Однажды сквозь тонкие перегородки квартиры Осип услышал резкий голос возмущенной Лили: «Разве мы не договаривались, Володечка, что днем каждый из нас делает, что ему заблагорассудится, и только ночью мы все трое собираемся под общей крышей? По какому праву ты вмешиваешься в мою дневную жизнь?! Так не может больше продолжаться! Мы расстаемся! На три месяца ровно. Пока ты не одумаешься. И чтобы ни звонить, ни писать, ни приходить!»
К концу того же 1922 года относится письмо Лили сестре Эльзе в Париж: «Мне в такой степени опостылели Володины халтура, карты и прочее, что я попросила два месяца не бывать у нас и обдумать, как он дошел до жизни такой».

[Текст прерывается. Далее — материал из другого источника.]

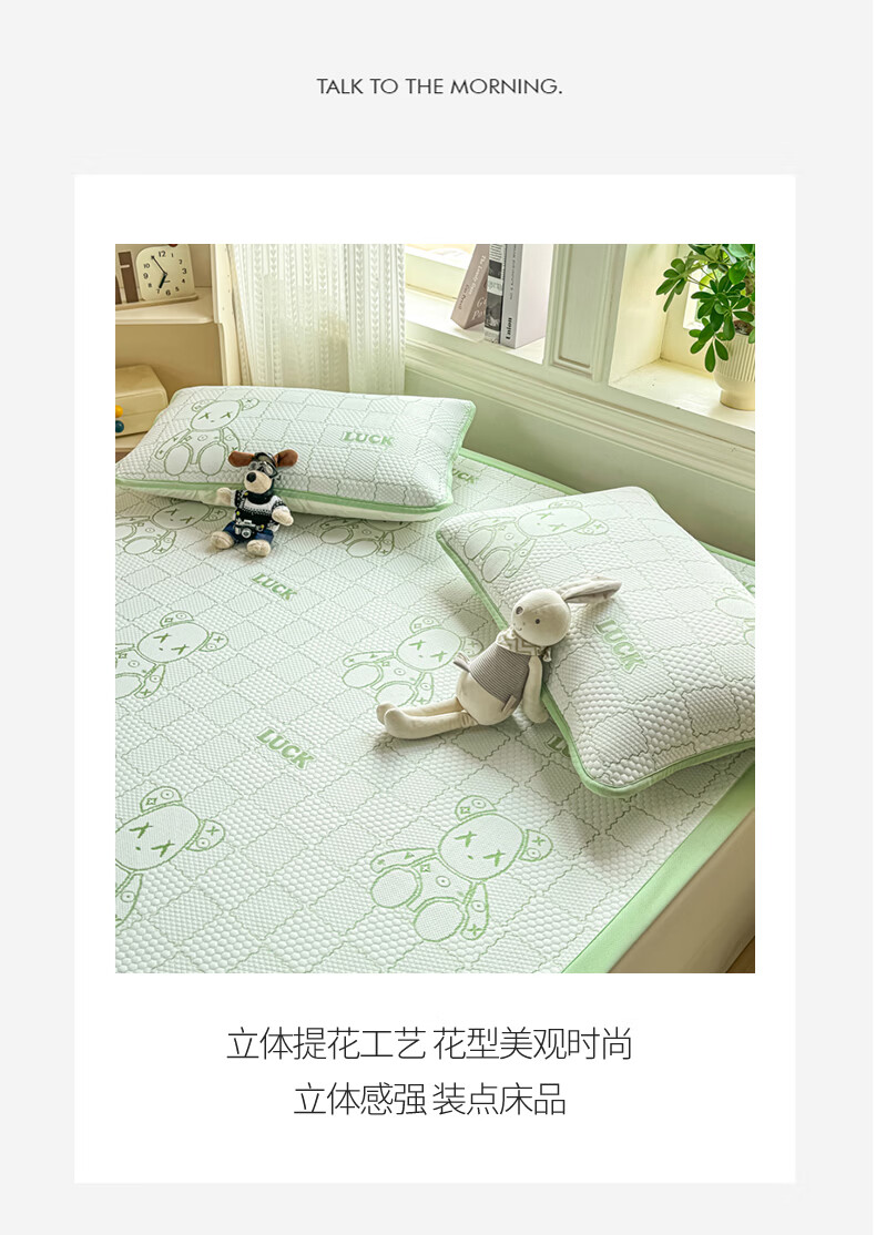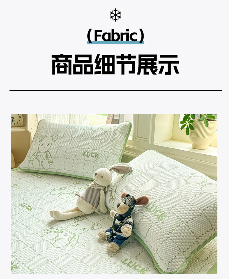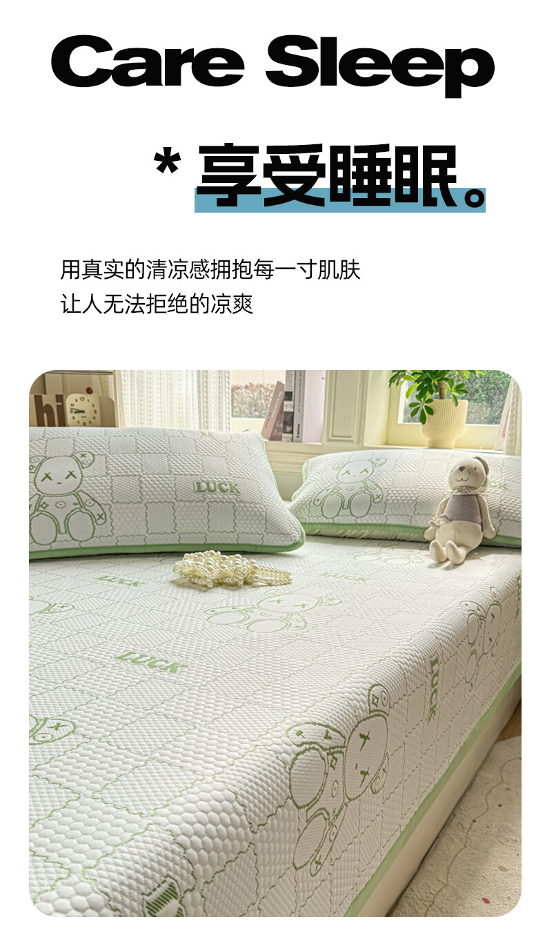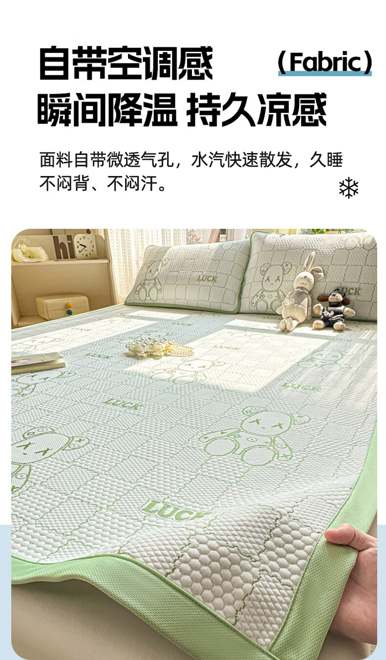 雅鹿a类冰豆豆凉席1.8x2米夏天专用可机洗软席子三件套夏季宿舍空调席 草绿【A类母婴级 凉感透气 老少皆宜】 180x200cm单凉席
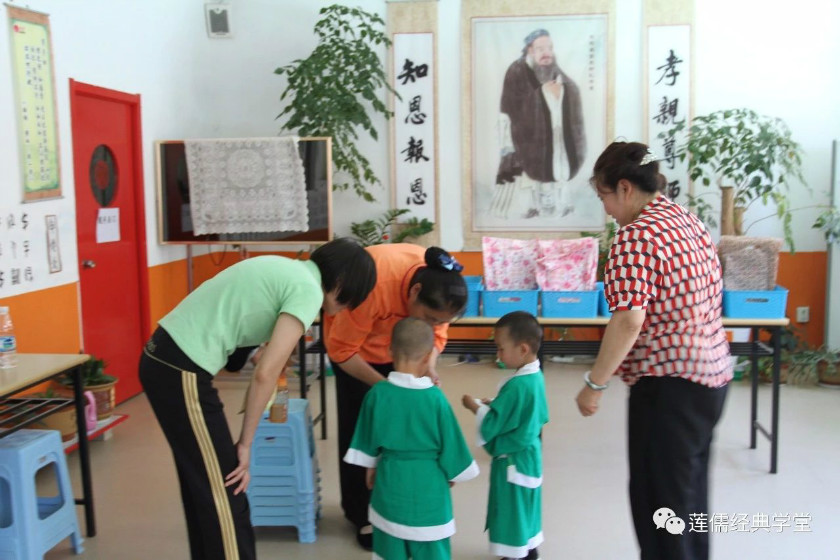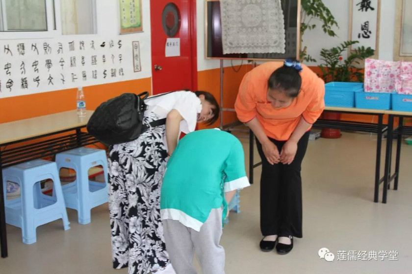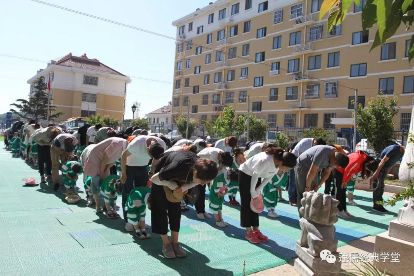 全场端身正义,向大成至圣先师孔老夫子行三鞠躬礼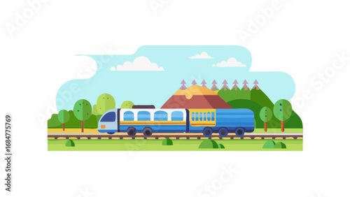 Train travel landscape concept. Summer landscape with train. Vector stock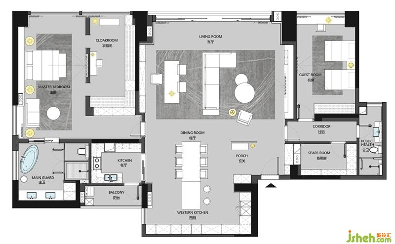 惠州家居設(shè)計采用明朗的線條,將空間進行了合理的分隔。面對擾嚷的都市生活,一處能讓心靈沉淀的生活空間,是業(yè)主心中的一份渴望,也是該方案中所體現(xiàn)的主要思想。因此,全開放式大廳設(shè)計給人以通透之感,避免視覺給人帶來的壓迫感,可緩解業(yè)主工作一天的疲憊。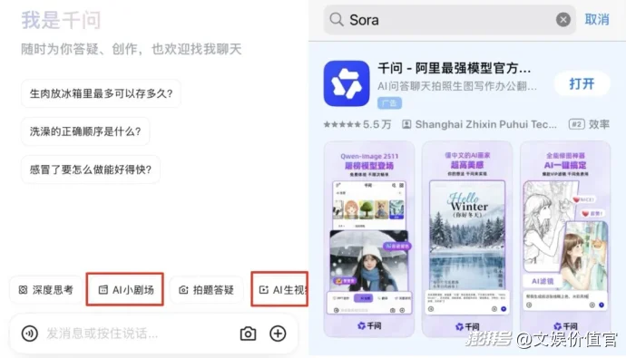 值得一提的是,千問將“AI小劇場”“AI生視頻”放在了首頁最醒目的入口位置,甚至還在AppStore購買了“Sora”的關(guān)鍵詞廣告位,顯然是希望通過新奇的娛樂體驗(yàn),帶動一波用戶增長,與豆包形成足夠的差異化。豆包雖然也有AI視頻板塊并支持用戶“做同款”,但并不支持用戶以AI分身“親自”開演,目前僅支持基于靜態(tài)照片的AI寫真。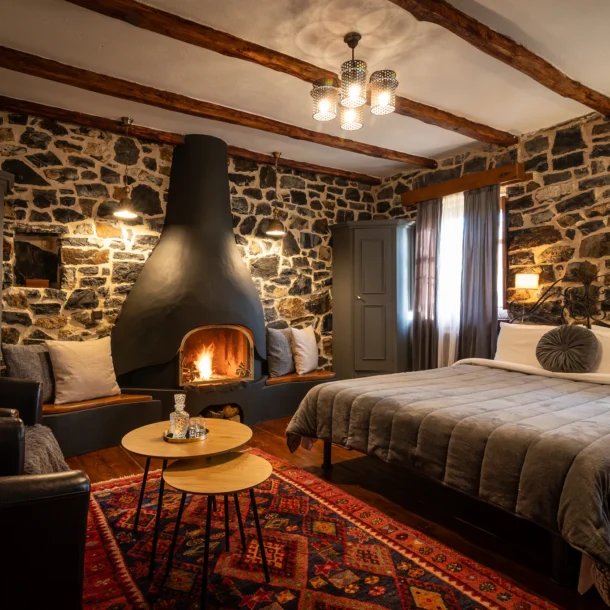 Πέτρα, ξύλο και λεπτομέρειες πολυτέλειας δημιουργούν τη ζεστασιά που αξίζετε για μια αξέχαστη διαμονή.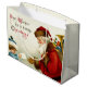Nostalgisches Bild eines rot-roten Weihnachtsmannes aus der Viktorianischen Zeit, der eine Tüte Spielzeug trägt, das einen Brief von einem schüchternen Kind in blauer Mantel und Hut bekommt.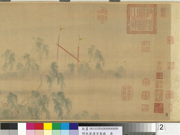 1.本幅以春日晨曦中的漢代宮廷為題,描繪後宮佳麗百態;其中,並包含畫師毛延壽為王昭君寫像的著名故實。 通幅構景繁複,用筆清勁而賦色妍雅,林木奇石與華麗的宮闕穿插掩映,舖陳出宛如仙境般的瑰麗景象。除卻美女群像之外,復融入琴棋書畫、鑑古、蒔花等文人的休閒活動,誠為仇英歷史故事畫中的精彩力作。此畫係為項元汴所作,完成時間約在嘉靖廿一年(一五四二)以後。

То есть источники расходятся – то ли на два месяца расстались, то ли на три. Между прочим, выгнала Лиля Маяковского из полученной им квартиры, записанной на его имя. Но ему было куда уйти. Еще в 1919 году он получил комнату в Лубянском проезде, в минуте ходьбы от главного ведомства чекистов. Считалось, что это его творческий кабинет. Он действительно там много чего написал. Соседи попались тихие и где надо проверенные. Способствовал этому получению дополнительного жилья все больше становившийся другом семьи Яков Агранов. Он же дарил иногда Маяковскому оружие. Сидя в подарке Агранова при помощи подарка Агранова Маяковский через семь лет сведет счеты с жизнью.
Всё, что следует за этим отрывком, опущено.